Я люблю звёзды. Я люблю созвездия. Я люблю смотреть на их мерцание. Идя вечером домой я смотрю на небо и какое бы настроение у меня ни было, моя горячо любимая Кассиопея всегда может ещё больше улучшить его – настроение.
Сложно быть объективным и одновременно не быть сумбурным, столько всего хочется сказать, но не поспеваешь за бегом мыслей.
Я с уважением отношусь к больным потому, что они как раз таки уже поняли всё. Они осознали всю бесполезность масок. Должны были. Зачем прятаться за не собой, когда смерть на горизонте? Стоит себе в трёх кварталах от тебя, улыбается и машет большим транспарантом: «Я жду тебя». Я знаю потому, что я тоже был таким. Остался таким.

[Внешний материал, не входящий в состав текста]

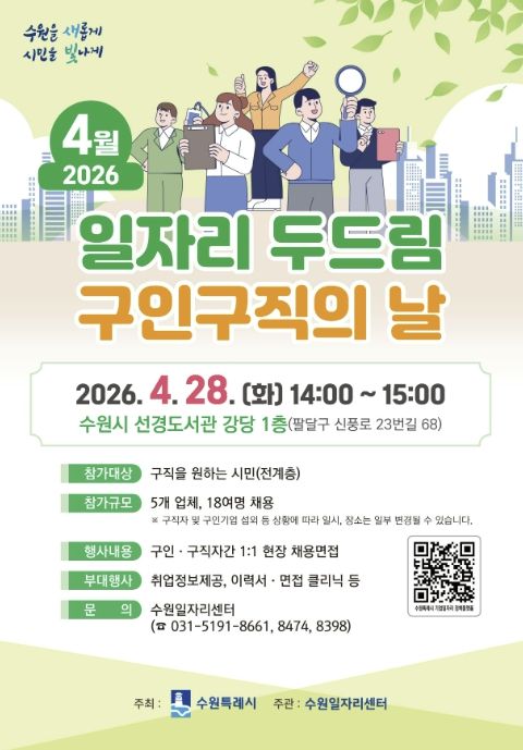 한방통신사 신유철기자 기자 | 수원특례시는 4월 28일 오후 2시부터 3시까지 선경도서관 강당에서 ‘4월 일자리 두드림 구인·구직의 날’을 개최한다.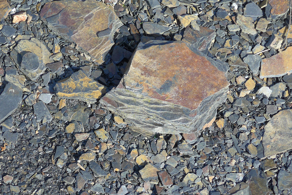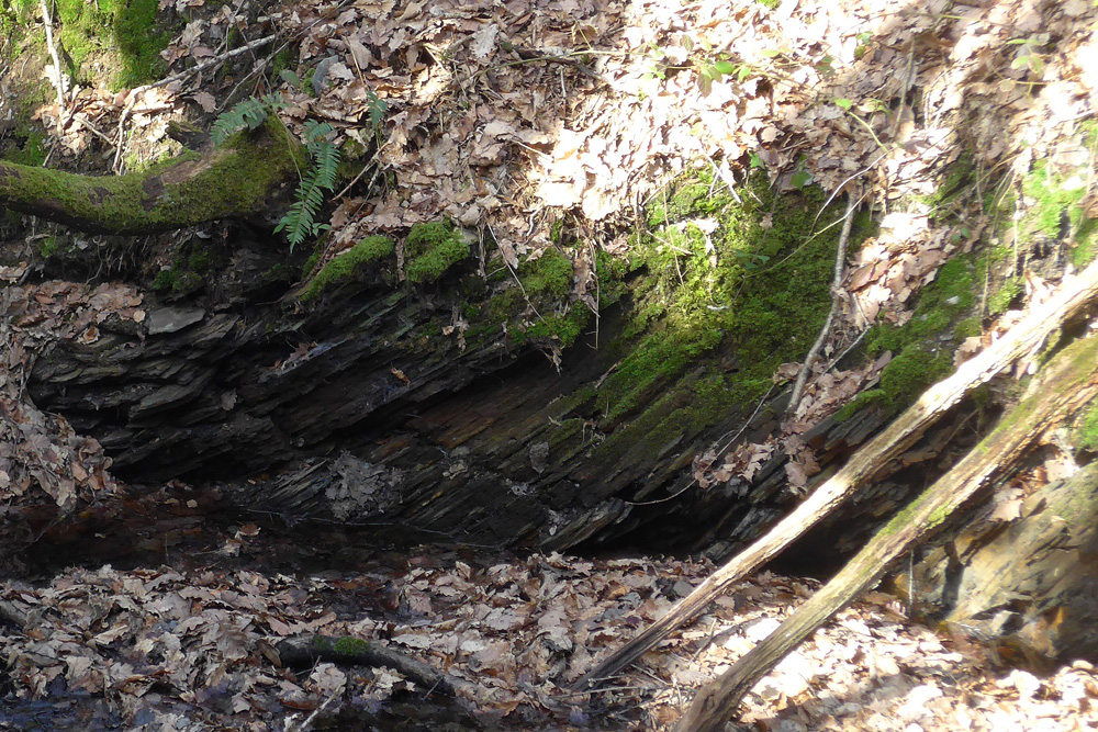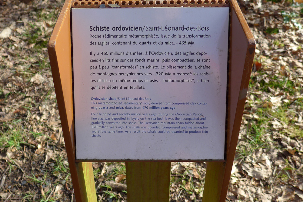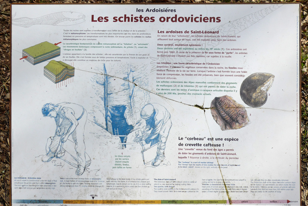 La roche se débite en feuillets sombres. Ce schiste ardoisier est issu de la compression d’argiles, roches sédimentaires à grain très fin, lors du plissement de la chaîne de montagne varisque. |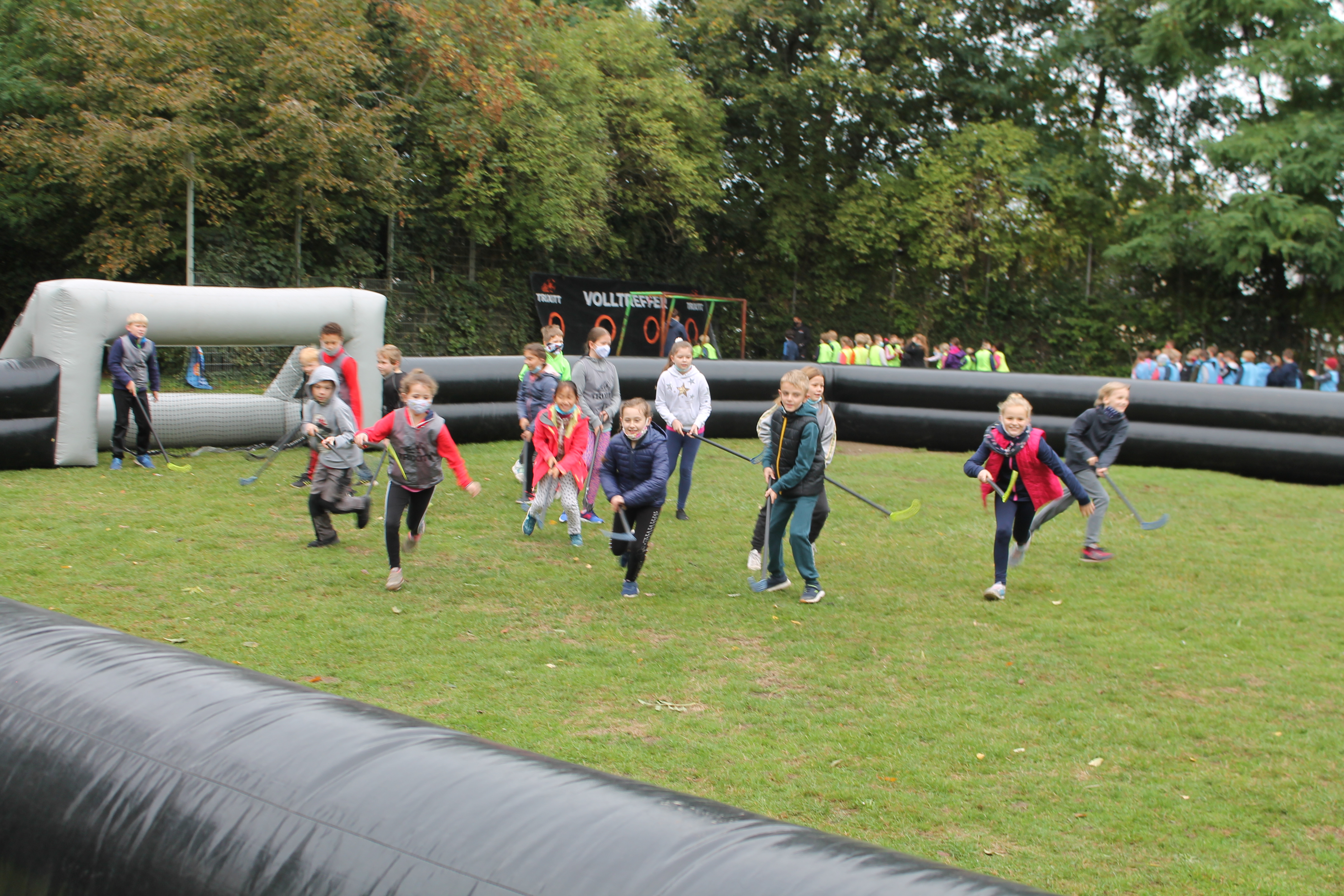 In der Regel alle zwei Jahre veranstalten wir rund um die Turnhalle das Schulsport-Event Trixitt. Einen Schulvormittag nur Sport: Menschenkicker, Basketball, Hockey, Speedmaster, Wurfbude, Hindernislauf … Jedes Mal wieder ein toller Schulvormittag!

Когда лежишь на холодном тротуаре и чувствуешь как тебе дышится всё тяжелее, а сердце бьётся всё медленнее, соображать труднее, единственной мыслью в голове болтается: «Только не сейчас, нет, не хочу», но с каждой секундой, всё больше апатично-безразлично и кричать, да что там кричать, просить о помощи ты уже не можешь – пересохло в горле. И это в центре улицы, и это в середине дня. Вокруг ходят люди, но им кажется, что тебе поможет тот – другой, следующий, который за их спиной. Не поможет. Им всем не хочется снимать свои маски, пачкаться в окружающей действительности, которую они отрицают, хотя это их отрицание только лишний раз доказывает существование этой самой действительности. И вот, лежишь в луже, в куче того, что остаётся от тебя и никто не хочет помочь, всё они выше этого. Только потом, кто-то вроде Жозефины вызывает карету скорой помощи. А потом врач: «Мы сделали всё что могли. Вам осталось не так долго. Вот если бы вас привезли чуть пораньше…».
Лежишь в такой серой, пустой палате на койке и понимаешь, что всё, что ты из себя строил на протяжение жизни – оно пустое. И хочется измениться. А они все – не хотят. Они не понимают, потому что пытаясь стать человеком-улучшенным и ничего лишнего не чувствующим, превратились в животных. Бездушных. Именно за это я их ненавижу. Они не видят, не хотят видеть очевидного.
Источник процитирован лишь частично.